Мне стало стыдно за машиниста.
— Здравствуйте, — говорю.
— Привет, Ломоносов. Идем к машине.
— Здравствуй и ты, Москва, — шепотом произнесла я, тащась с чемоданом за Люсей. — Я приехала тебя покорять.
Москва на мое заявление никак не отреагировала.
— Недельку поживешь у меня, — бодро стучала каблучками моя спутница, — потом найдем тебе квартиру. Недорогую, долларов за сто — сто пятьдесят.
«Ни фига себе! — растерялась я. — За такие деньги у нас можно снять дворец».
Мы погрузили вещи в новенькую «восьмерку». Люся села за руль. Завела со второй попытки. Через минуту ее подрезали. Нетерпеливо загудели соседние машины.
— Отвяньте, сволочи, — заорала Люсьен мне в ухо.
Я вжалась в кресло. Люся включила радио. Вокруг мелькали преимущественно российские автомобили.
— Тут все бедные, что ли? Приличных машин совсем нет...
— О, я и забыла, что ты из портового города... Да здравствуют подержанные иномарки?

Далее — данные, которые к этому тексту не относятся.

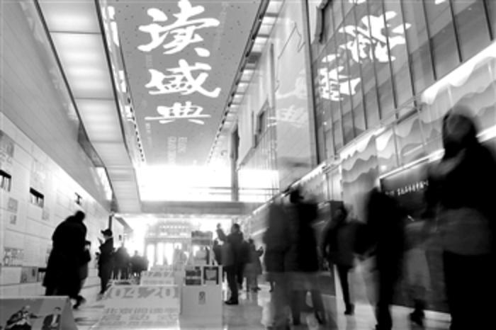 12月17日,北京天桥艺术中心,设有垂幅、天幕、书架的“书香长廊”吸引观众们驻足观看。

Мне, как говорится, стало обидно за державу:
— Зато они не напоминают банки консервные! И движение у нас не такое бешеное. И водители не такие наглые.
— Не успела приехать — уже брюзжит. Если вас Москва так раздражает, зачем сюда ломитесь?
О ком это она?
— Временно зарегистрировать тебя не могу, — продолжала Люся, — для этого надо иметь восемнадцать свободных метров. А где я возьму свободные метры? Ты же знаешь, сколько нас в квартире прописано. Сантиметра лишнего нет.
— Где же я буду спать?
— Нет, ну для жилья место есть. А для регистрации — нет.
Поразительный город!
СЕНТЯБРЬ
Приехала из Одессы моя подруга Таня. Решили снять квартиру на двоих. Эпопея поисков утомляла своей однообразностью.
— Вы москвички?
— Нет.
— Россиянки?
— Нет.
— Регистрация есть?
— Нет.
— Извините.
Наконец нашлась добрая душа и сдала нам однокомнатное жилище за двести долларов. Необходимых для регистрации метров, конечно же, не хватило. Но нам уже было все равно. Мы радовались хоть какой-то крыше над головой. Добрая душа взяла предоплату за два месяца и вывесила в прихожей транспарант:
1. Не бить комаров на потолке и обоях.
2. Не делать наклеек на стенах, мебели, дверях, стеклах и т.д.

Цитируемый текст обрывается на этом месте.